# [What to produce]
Pictures do not belong in the output. Reproduce exactly the lines from the start of the records through the line with "Large Powder Coated".

====== Records for this exercise ======

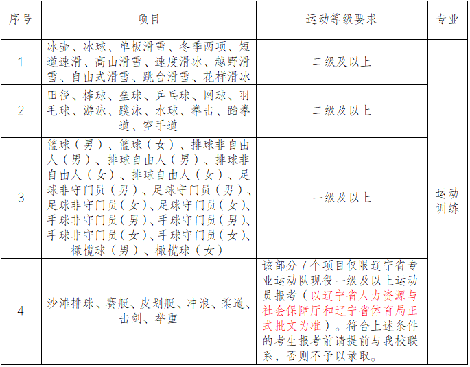 (一)运动训练专业招生项目
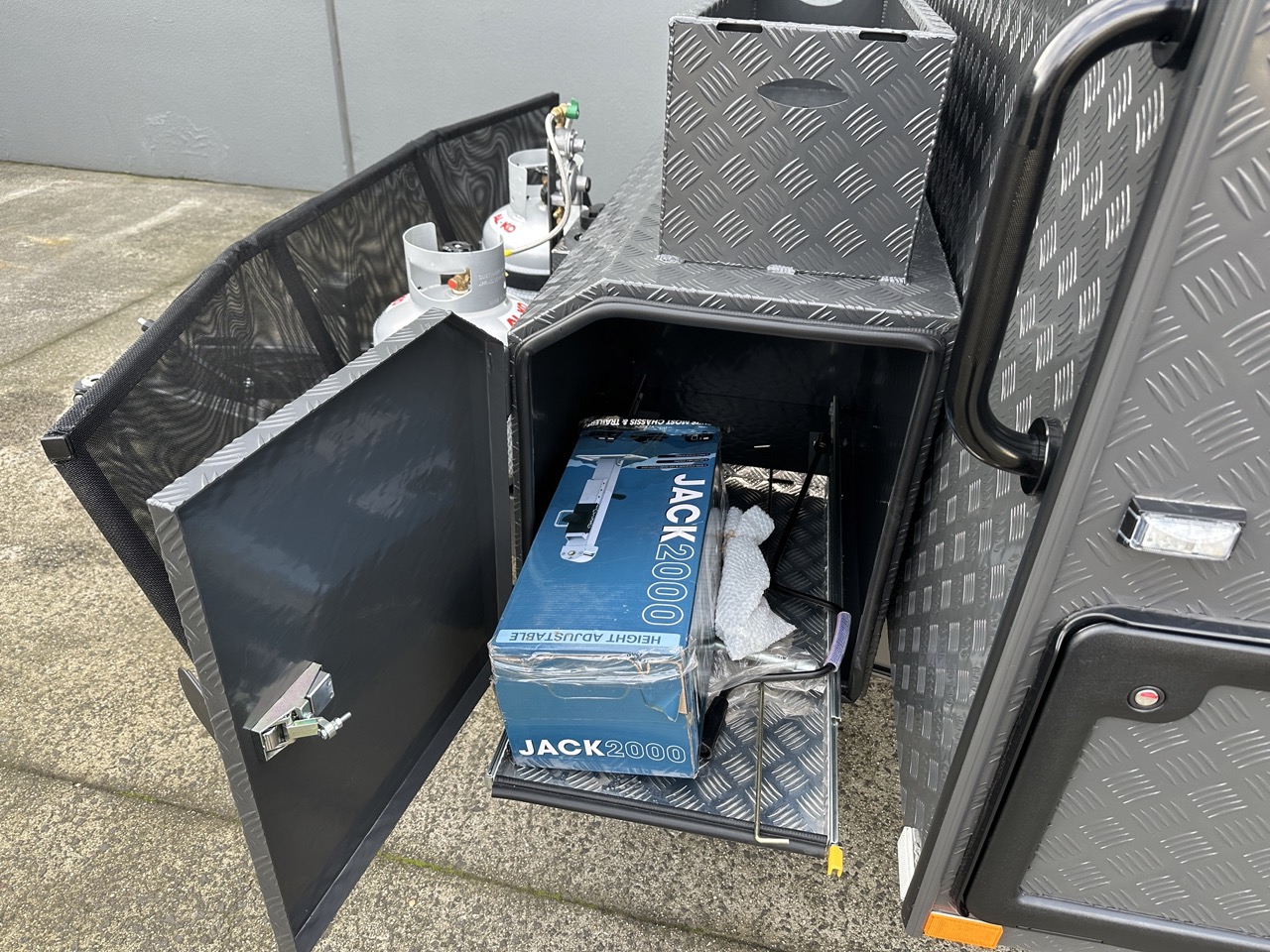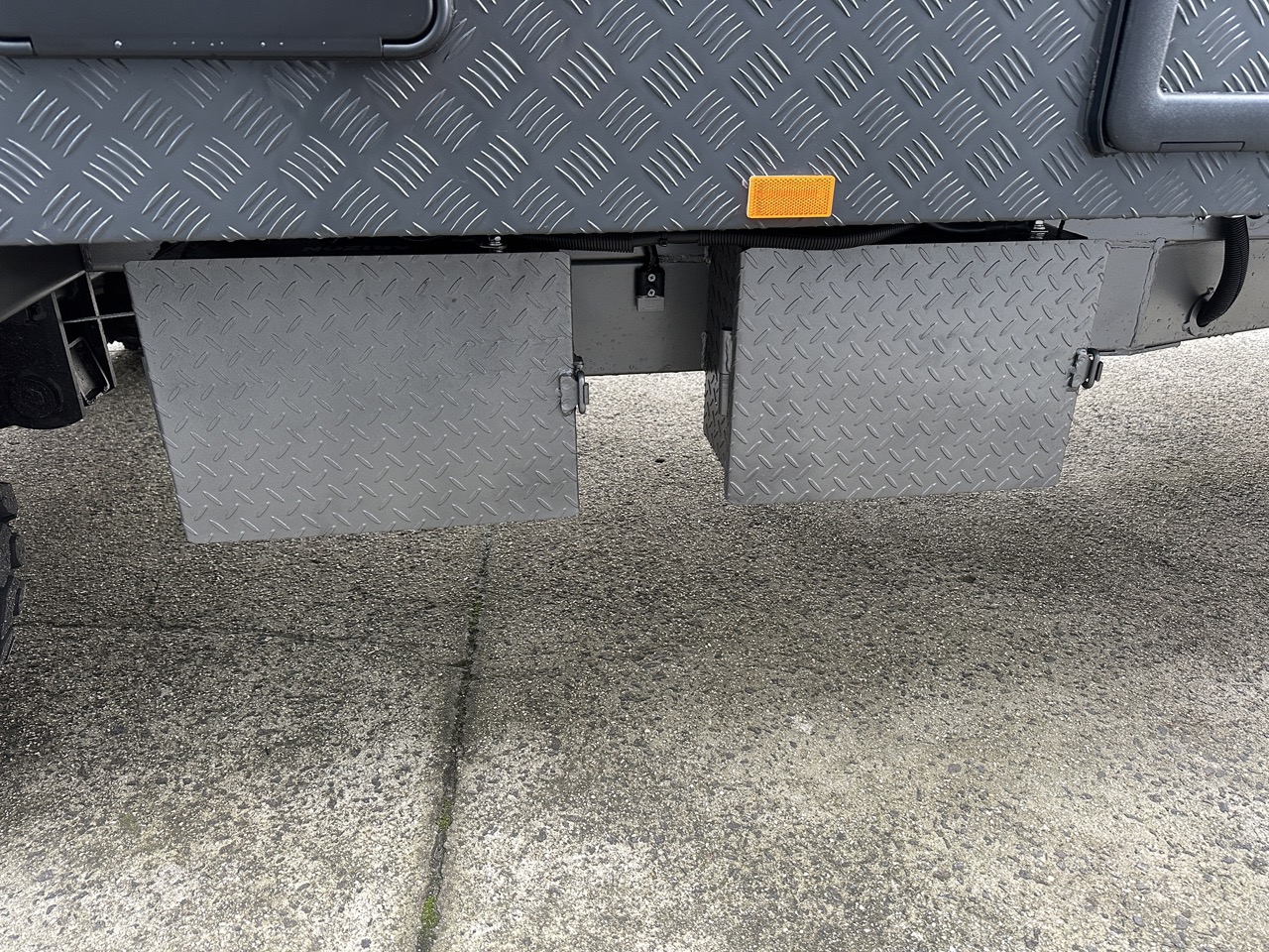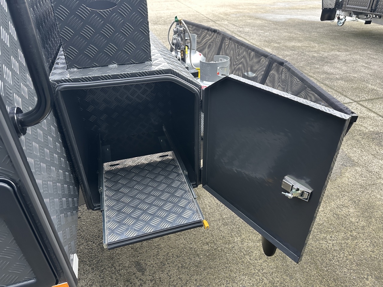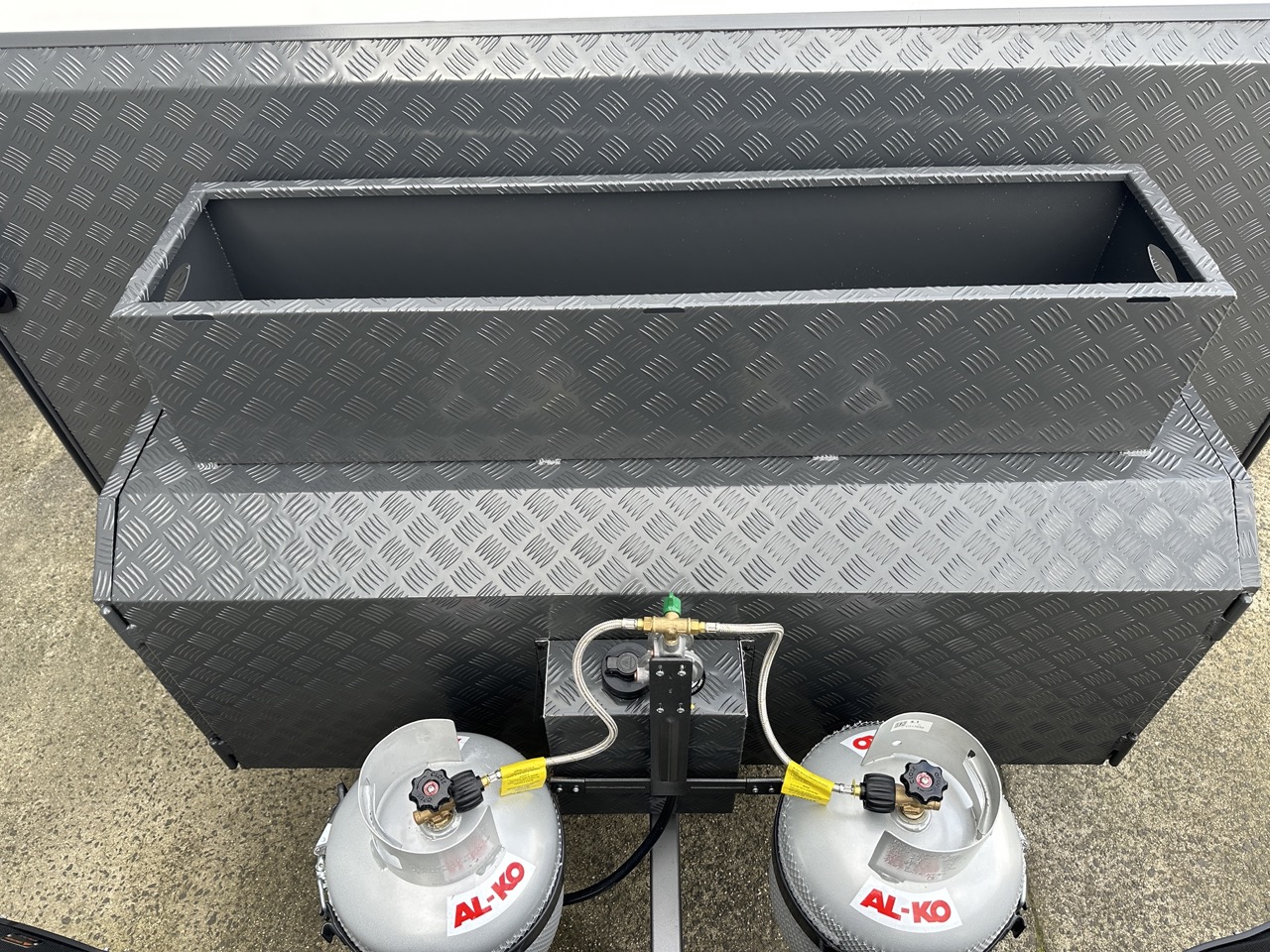Large Powder Coated Checker Plate Toolbox with Slide-Out’s on Each Side & Top Mounted Woodbox
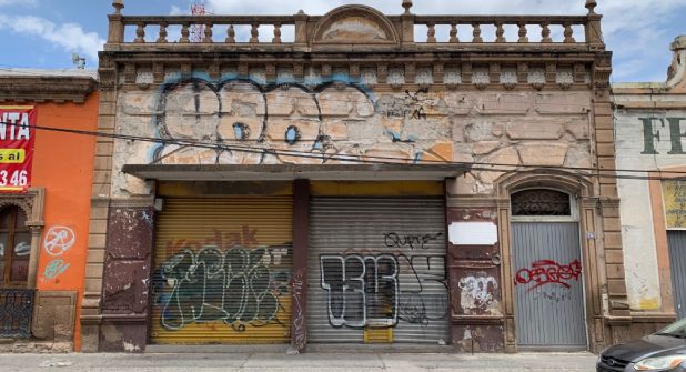 Se distingue de las demás casas por su estilo arquitectónico antiguo de cantera, aunque cae a pedazos como si estuviera desintegrándose en cámara lenta, lentamente, poco a poco, por el paso del tiempo y las inclemencias del clima y el descuido en el que ha quedado la calle.
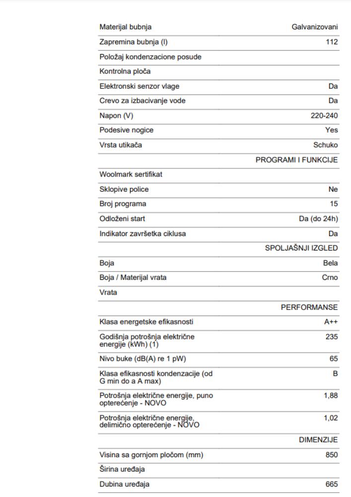 | perfomanse | Klasa energetske efikasnosti A++ Godišnja potrošnja električne energije (kWh) (1) 235 Klasa efikasnosti kondenzacije (od G min do a A max) B Potrošnja električne energije, puno opterećenje - NOVO 1,88 Potrošnja električne energije, delimično opterećenje - NOVO 1,02 |
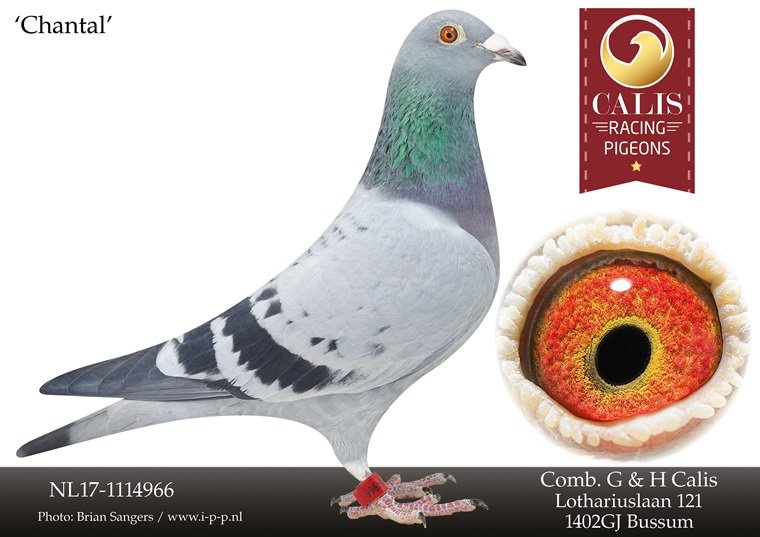 上面成績單的最後一羽冠軍是一歲雌鴿NL23-9195458,她獲得5月19日亞拉斯2,266羽冠軍!亞拉斯前5位再次被卡利斯包辦。這羽冠軍雌鴿的母親是「香塔爾」(Chantal),她的賽鴿生涯也非常精彩,曾獲2019年WHZB全國全能鴿王6位和2019年「王牌精英」全國鴿王6位。
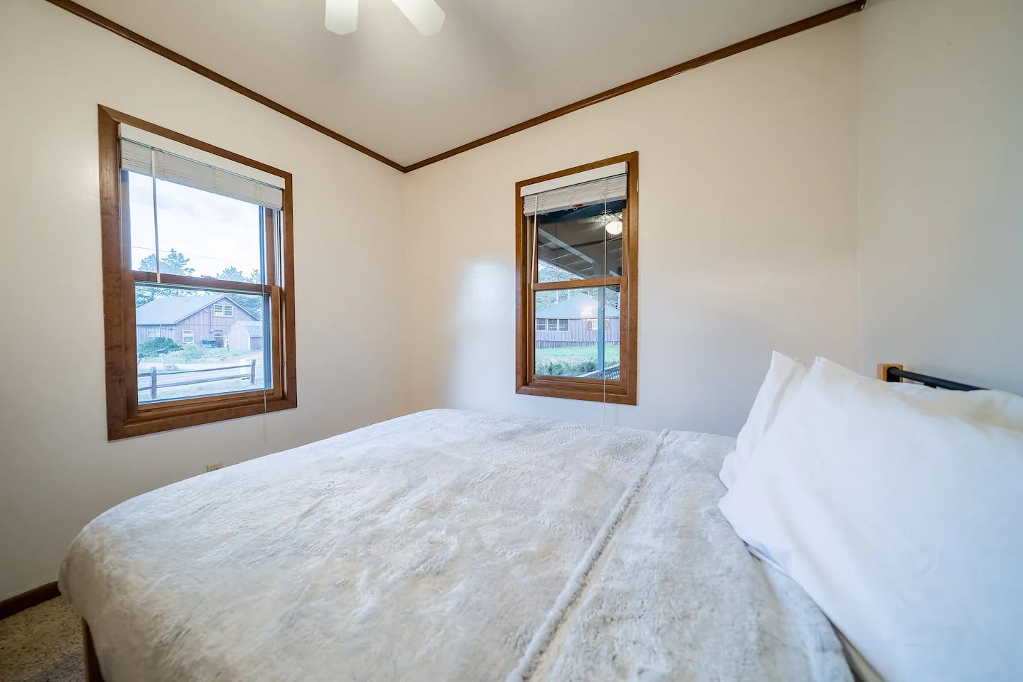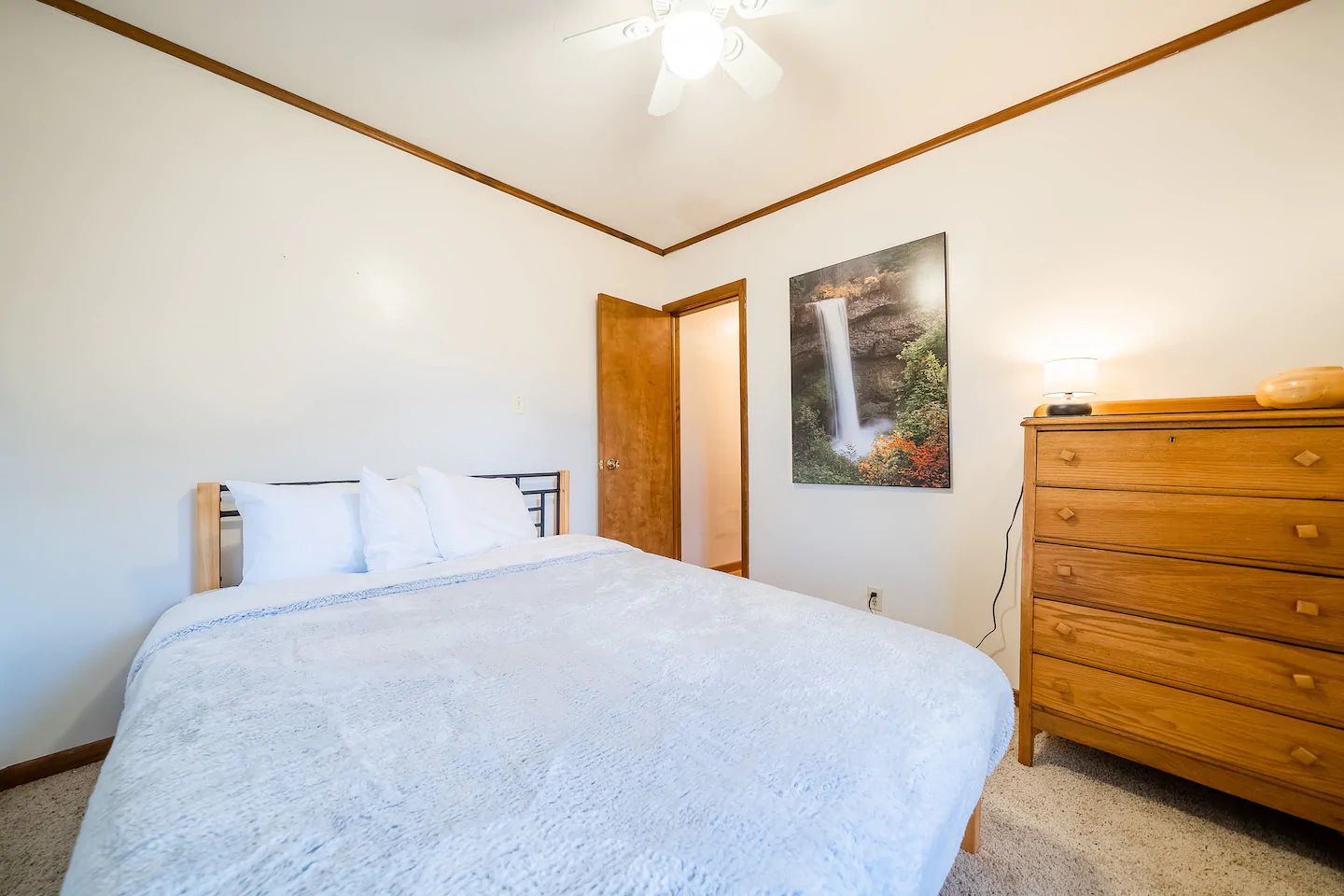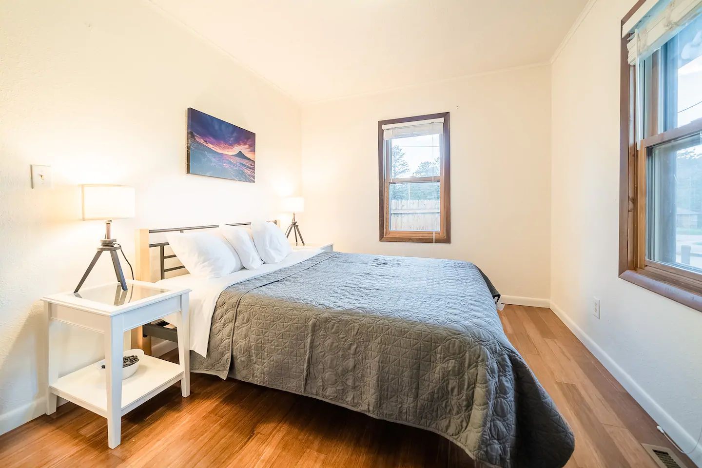 - A smaller bedroom but still equipped with the same comfy memory foam queen mattress that’s in the other bedrooms.

======

# [Solution to this problem]
 (一)运动训练专业招生项目
Large Powder Coated Checker Plate Toolbox with Slide-Out’s on Each Side & Top Mounted Woodbox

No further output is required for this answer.